Exercise brief => Quote the whole listing word for word. Do not include the pictures.

Data extracts =>
● ● ● ● ● ● ●

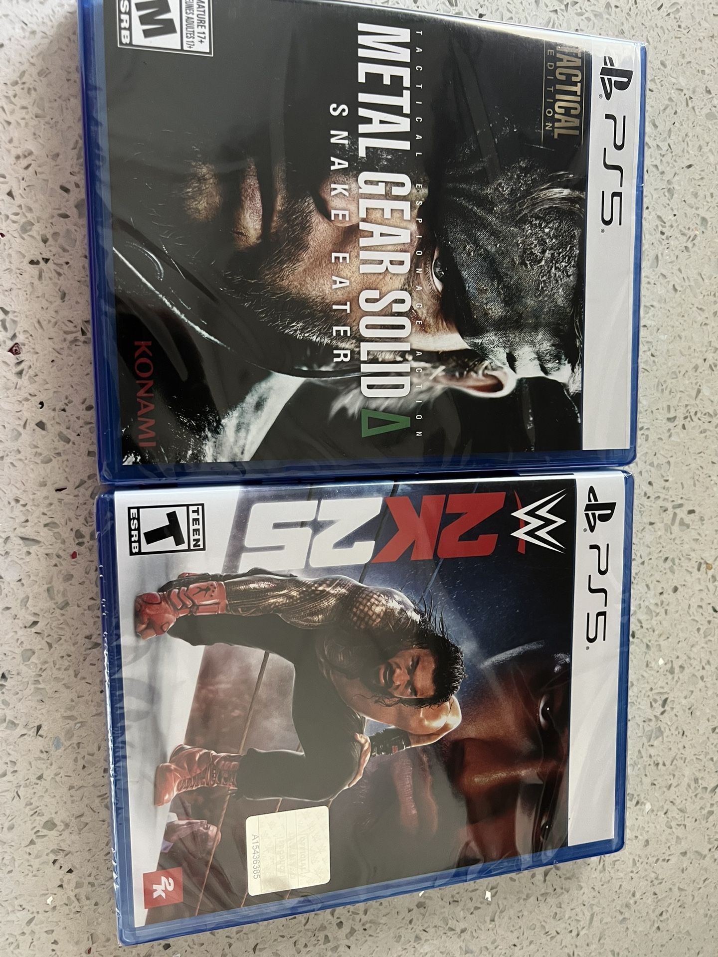 PS5 metal gear solid snake eater Wwe 2k25 Both games a new and still wrapped. MGS: $40 WWE: $25
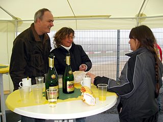 In unserem Clubzelt wurde jedem Besucher die obligatorische Mainzer Brezel und ein Glas Sekt gereicht. Natürlich gab es auch ein nicht alkoholisches Getränk. Zum Leidwesen von Günter Weniger aus Potsdam handelte es sich hierbei nicht um Milch von der Kuh, sondern um den allseits beliebten O-Saft. Auch diese Aufmerksamkeit war für alle Teilnehmer kostenlos.
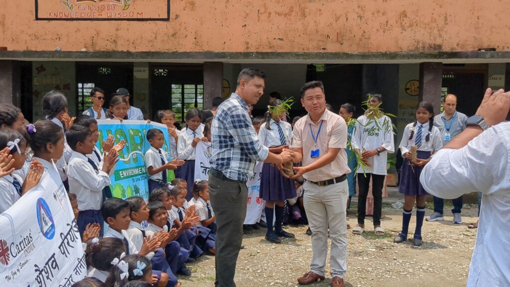 उनीहरूलाई स्कूल एवं संस्थाको पक्षबाट अर्को “विश्व पर्यावरण दिवस २०२५”-मा पुरस्कृत गरिने जनाए। साथै पब्लिक हेल्थ इन्जिनेरिङ डिपार्टमेन्टका खण्ड परियोजना संयोजक समन्तक राईले जल जीवन मिसन परियोजनालाई प्रतिनिधित्व गर्दै जल संरक्षणमा वृक्षको भुमिका ठूलो रहेको कारण विभागको पक्षदेखि वृक्ष प्रदान गरिरहेको छौ। तर यो वृक्ष अर्कोपाली मर्ने होइन नानीहरूले बचाएर राख्नु पर्ने जनाए।
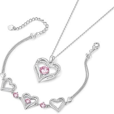 CDE Forever Love Corazón Mujeres Collar Pulsera Set 925 Plata de Ley Chapado en Oro Rosa para Mujer con 5A Circonita Cúbica Navidad Joyería Regalo Cumpleaños para Mamá Mujeres Esposa
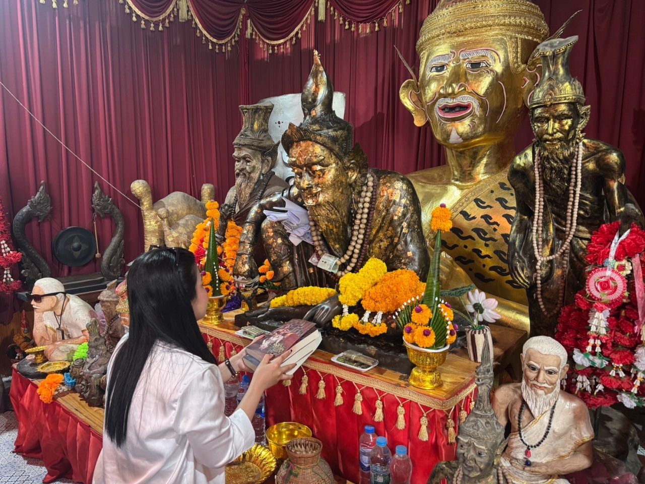 วันที่ 27 พ.ค. 68 ผู้สื่อข่าวรายงานบรรยากาศที่อาศรมฤาษีเณร ธาตุพุทธคุณ ถนนกาญจนาภิเษกวงแหวนตะวันตกหมายเลข 9 ต.โพธิ์แตง อ.บางไทร จ.พระนครศรีอยุธยา ว่ามีคนเดินทางมากราบไหว้ขอพรสิ่งศักดิ์สิทธิ์ภายในอาศรม ทั้งถวายพานฟักทองไหว้ปู่ฤาษีพรหมเมศ ถวายพานน้ำแดงไหว้กุมารทองเจ้าสัวเฮง ถวายพานกุหลาบแดงไหว้ท้าวเวสสุวรรณ 9 หน้าสูง 16 เมตร และสิ่งศักดิ์สิทธิ์ต่างๆ ภายในอาศรมตามความเชื่อ
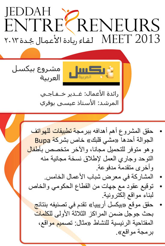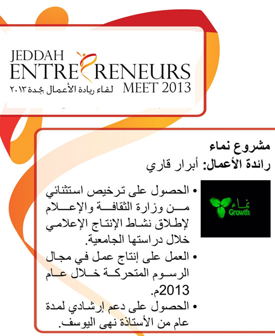 - ـ الإعلان عن محاور لقاء ريادة الأعمال بجدة 2013م.
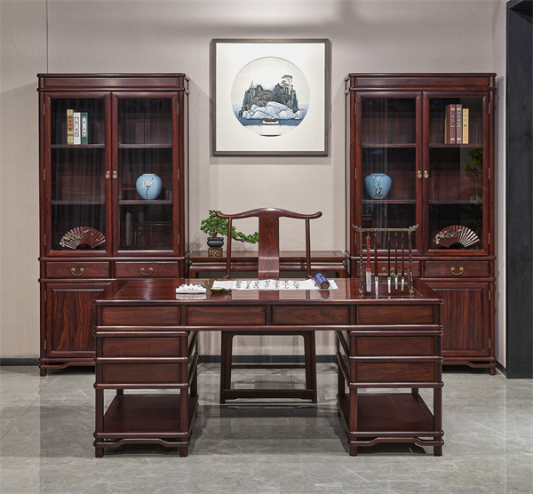 一書案,一博古架,一對官帽椅。書房家具最見木質(zhì)與工藝功底。我們精選密度極高、色澤沉靜的紅酸枝老料,打造出紋理細膩、觸感溫潤的書房空間。在這里,每一寸木紋都散發(fā)著靜心思考的韻味,是涵養(yǎng)心性、傳承文脈的理想之選。
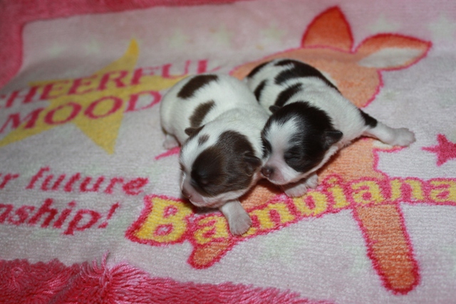 これまた可愛い柄のチワワンコの誕生で〜す。 まだ目が開いてませんが・・・(^O^)/ 可愛くなると思いますよ〜
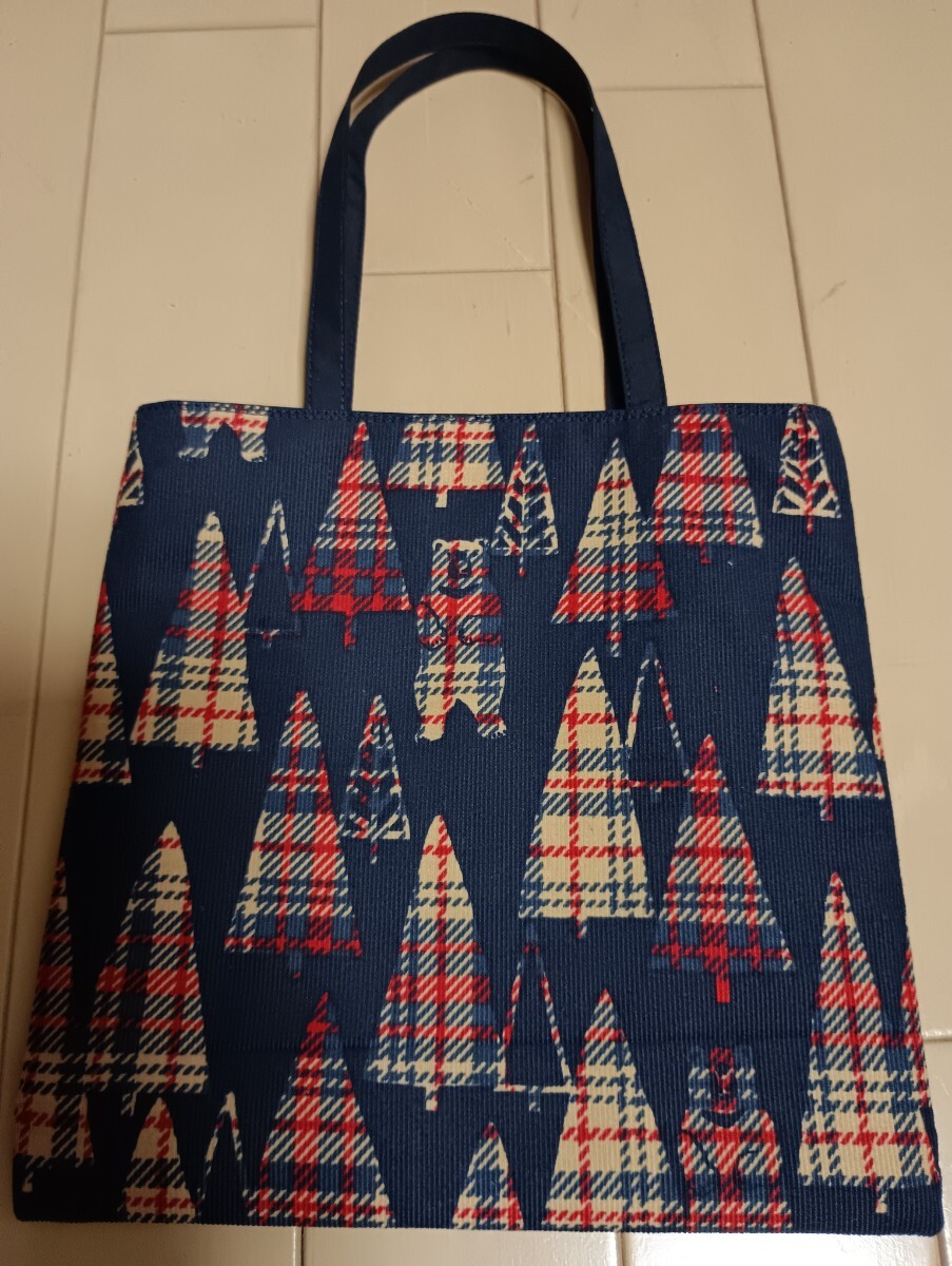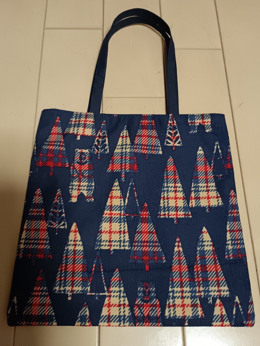 ハンドメイド 紺色のツリー&クマ柄&チェック柄のコーデュロイ生地の小さいバッグです。中は紺色の生地です。ポケットはありません。

● ● ● ● ● ● ●

Solution below =>
 PS5 metal gear solid snake eater Wwe 2k25 Both games a new and still wrapped. MGS: $40 WWE: $25
 In unserem Clubzelt wurde jedem Besucher die obligatorische Mainzer Brezel und ein Glas Sekt gereicht. Natürlich gab es auch ein nicht alkoholisches Getränk. Zum Leidwesen von Günter Weniger aus Potsdam handelte es sich hierbei nicht um Milch von der Kuh, sondern um den allseits beliebten O-Saft. Auch diese Aufmerksamkeit war für alle Teilnehmer kostenlos.
 उनीहरूलाई स्कूल एवं संस्थाको पक्षबाट अर्को “विश्व पर्यावरण दिवस २०२५”-मा पुरस्कृत गरिने जनाए। साथै पब्लिक हेल्थ इन्जिनेरिङ डिपार्टमेन्टका खण्ड परियोजना संयोजक समन्तक राईले जल जीवन मिसन परियोजनालाई प्रतिनिधित्व गर्दै जल संरक्षणमा वृक्षको भुमिका ठूलो रहेको कारण विभागको पक्षदेखि वृक्ष प्रदान गरिरहेको छौ। तर यो वृक्ष अर्कोपाली मर्ने होइन नानीहरूले बचाएर राख्नु पर्ने जनाए।
 CDE Forever Love Corazón Mujeres Collar Pulsera Set 925 Plata de Ley Chapado en Oro Rosa para Mujer con 5A Circonita Cúbica Navidad Joyería Regalo Cumpleaños para Mamá Mujeres Esposa
 วันที่ 27 พ.ค. 68 ผู้สื่อข่าวรายงานบรรยากาศที่อาศรมฤาษีเณร ธาตุพุทธคุณ ถนนกาญจนาภิเษกวงแหวนตะวันตกหมายเลข 9 ต.โพธิ์แตง อ.บางไทร จ.พระนครศรีอยุธยา ว่ามีคนเดินทางมากราบไหว้ขอพรสิ่งศักดิ์สิทธิ์ภายในอาศรม ทั้งถวายพานฟักทองไหว้ปู่ฤาษีพรหมเมศ ถวายพานน้ำแดงไหว้กุมารทองเจ้าสัวเฮง ถวายพานกุหลาบแดงไหว้ท้าวเวสสุวรรณ 9 หน้าสูง 16 เมตร และสิ่งศักดิ์สิทธิ์ต่างๆ ภายในอาศรมตามความเชื่อ
 - ـ الإعلان عن محاور لقاء ريادة الأعمال بجدة 2013م.
 一書案,一博古架,一對官帽椅。書房家具最見木質(zhì)與工藝功底。我們精選密度極高、色澤沉靜的紅酸枝老料,打造出紋理細膩、觸感溫潤的書房空間。在這里,每一寸木紋都散發(fā)著靜心思考的韻味,是涵養(yǎng)心性、傳承文脈的理想之選。
 これまた可愛い柄のチワワンコの誕生で〜す。 まだ目が開いてませんが・・・(^O^)/ 可愛くなると思いますよ〜
 ハンドメイド 紺色のツリー&クマ柄&チェック柄のコーデュロイ生地の小さいバッグです。中は紺色の生地です。ポケットはありません。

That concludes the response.